(Correction: Because of a reporting error, the name of U2 drummer Larry Mullen Jr. was misspelled in a Living/Arts review on Monday of the band's May 28 concert.)
The rock concert as church service metaphor is overused and rarely apt. How righteous -- as in morally sound, not totally rad -- are most rock stars? But it can't, and shouldn't, be avoided in the case of U2. By the time the Irish rockers deftly, systematically delivered an arena full of worshipers to a state of euphoria for the third time in less than a week, matters that transcend the simple pleasures of chords and choruses had come into play.
That's not to say that there weren't moments, plenty of them, where Bono's tireless humanitarian work and spiritual soul searching were kicked to the curb in the rush of a big, uncomplicated anthem. ''Vertigo," a set highlight that the band reprised at the close of Saturday's show, amounted to nothing more than a sea of pumping fists and beating hearts -- something we can feel, to paraphrase the song lyrics.
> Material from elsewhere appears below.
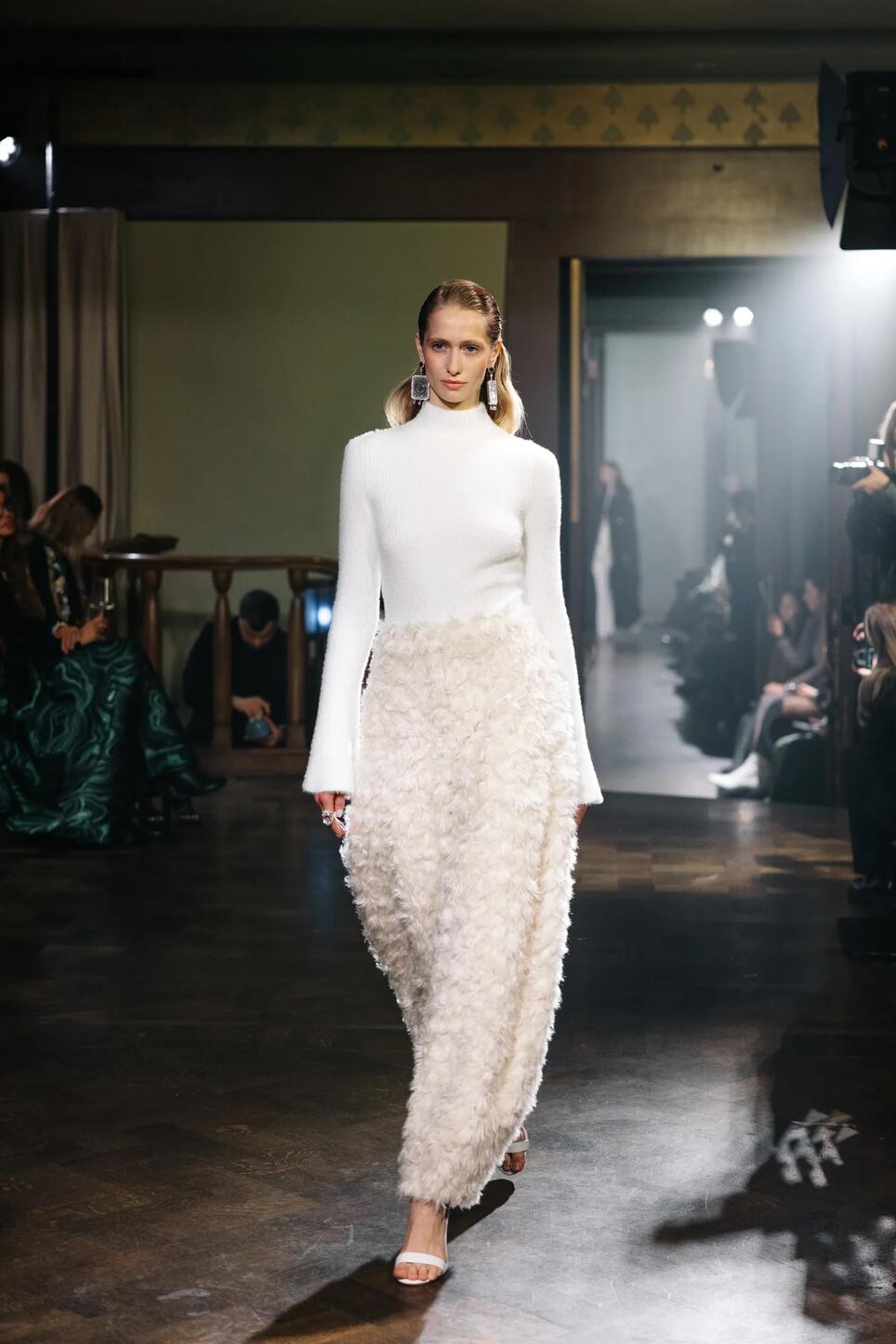 Ясмина Муратович предоставлено Пресс-службойСияние бриллиантов и драгоценных камней ювелирного арт-ателье интеллектуальных украшений Dzhanelli Jewellery стало одним из ключевых акцентов вечера. Ими были дополнены образы дизайнера Ольги Лефферс и моделей показа. Изысканные вина компании GreenLife гармонировали с эстетикой коллекции. Уникальные ароматы бренда Tea Art погрузили гостей особняка в атмосферу магического леса.

But where the garden-variety rocker is happy to leave it at that, Bono (like all the great crusaders) expertly wove the visceral and the topical.
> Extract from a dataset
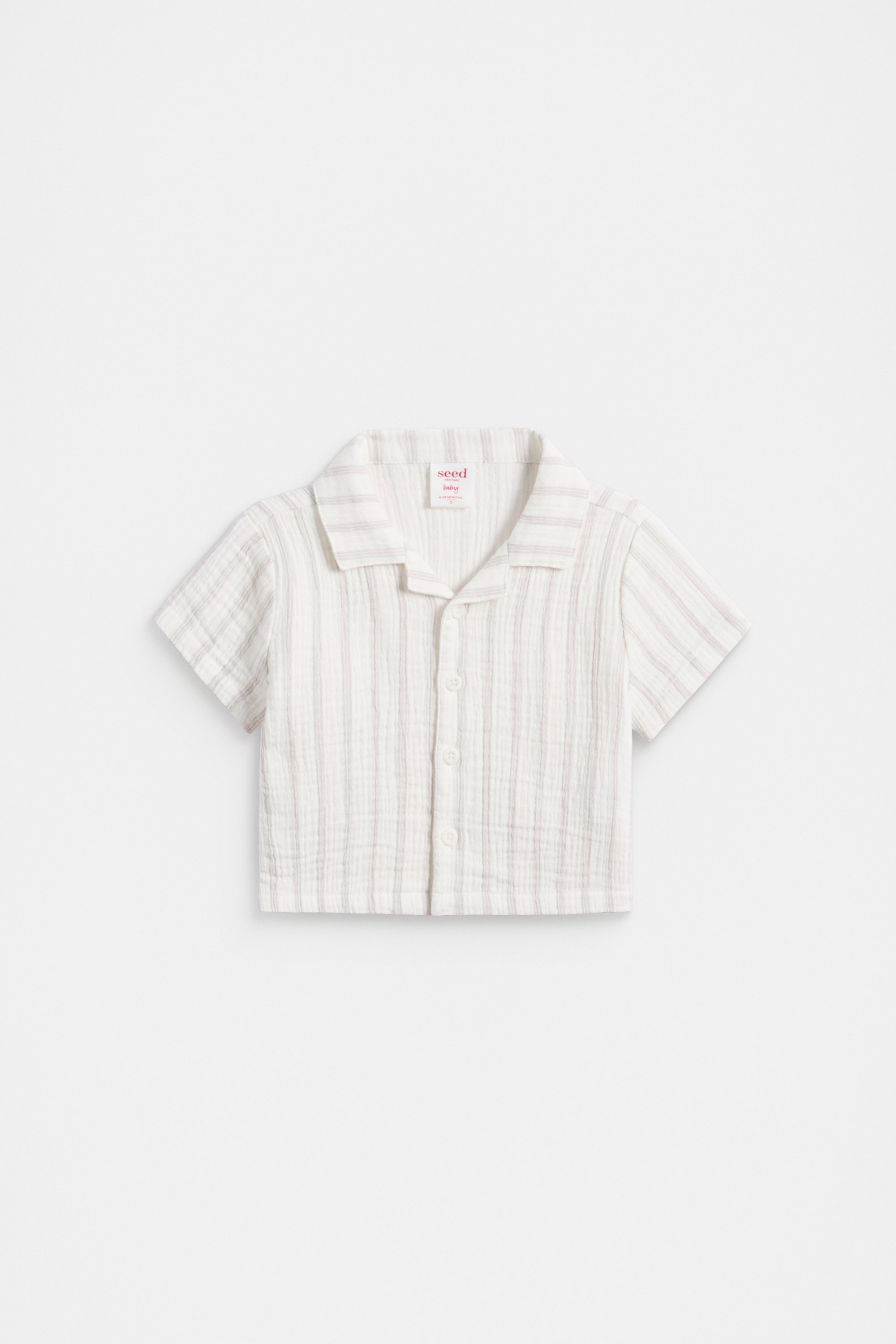 An instant classic for his little wardrobe, this button-up is a smartly tailored option. Crafted in a lightweight premium cotton, it features a notched collar, short sleeves and a stripe design.

The last of the Irish quartet's trio of Boston dates varied only slightly from the previous two. The deep-catalog cuts ''An Cat Dubh" and ''Into the Heart," from U2's 1980 debut, ''Boy," were trotted out during the flashback segment. ''Who's Gonna Ride Your Wild Horses" replaced ''With or Without You" as the night's ethereal, soul-searching love song. A blistering ''New Year's Day" fleshed out U2's protopolitical mini-set that included ''Sunday Bloody Sunday" and ''Bullet the Blue Sky." And while, generally speaking, we award big points for spontaneity and veering off script, at this moment in time it's U2's constancy -- the sense of purpose and conscience that once again defines its music -- that matters most.
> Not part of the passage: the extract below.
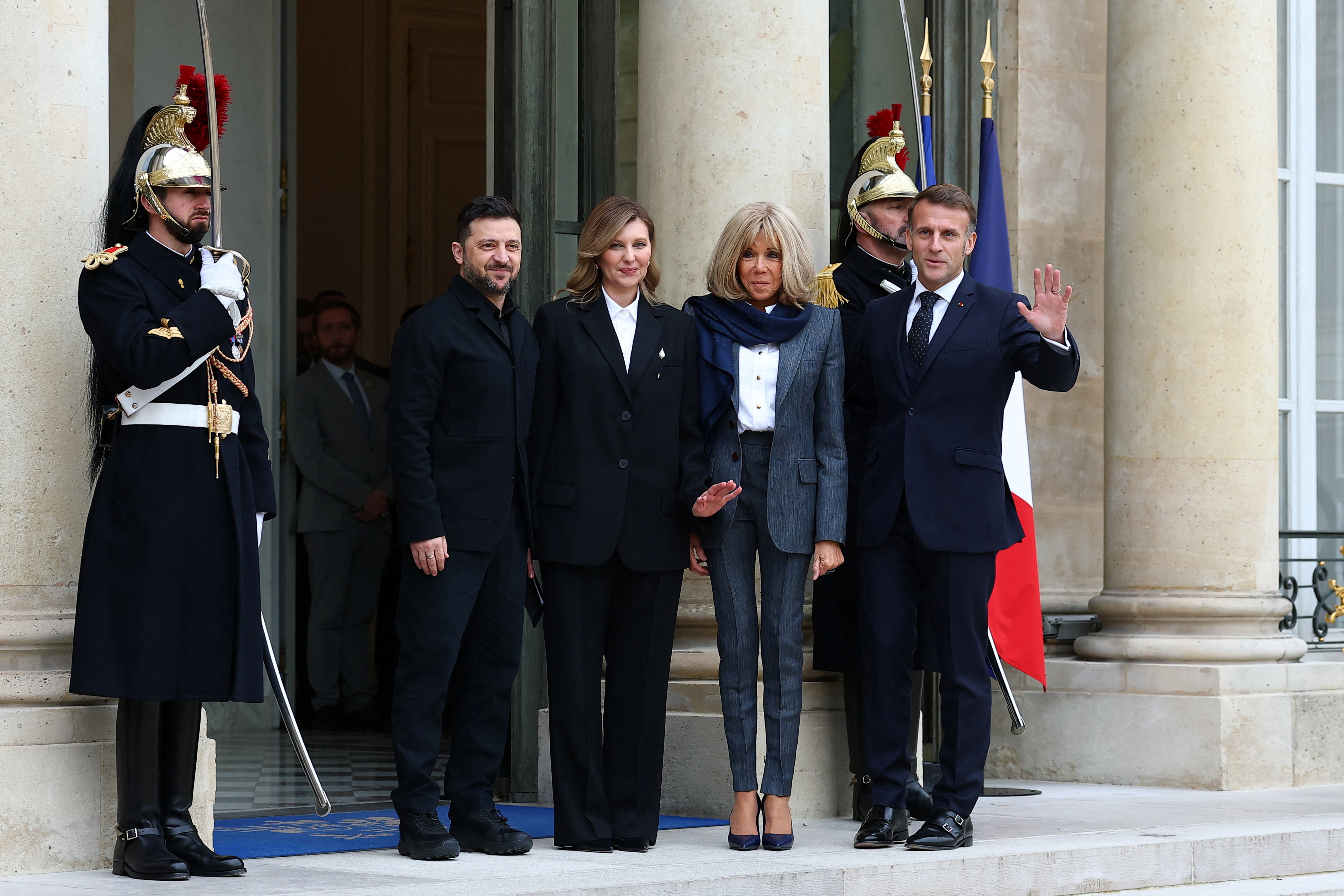 馬克龍與夫人在巴黎愛麗舍宮迎接澤連斯基夫婦,兩國領袖隨後舉行會談。(路透社)

Just how effortlessly Bono inhabits the roles of preening icon and conscience of a generation is mind-boggling. One minute the Nobel Peace Prize nominee was beseeching President Bush and British prime minister Tony Blair to end poverty as the band launched into the galvanizing sing-along ''One," and the next he was wrapped in a feather boa and wearing a rakishly skewed captain's hat as ''The Fly." Granted, that Zoo TV-era alter ego was an ironic guise, but crawling on the gargantuan circular catwalk while fans frantically snapped cellphone pictures was pure pop-star pose.
Of course, each feeds off of, and deepens, the other. When at the end of the two-hour show Bono offered ''all praises to our Heavenly Father and Larry Mullins," he wasn't kidding. Faith in God and his band -- and the possibility of making the world a better place -- has given Bono his unique credentials, expertly deployed in political arenas and hockey arenas.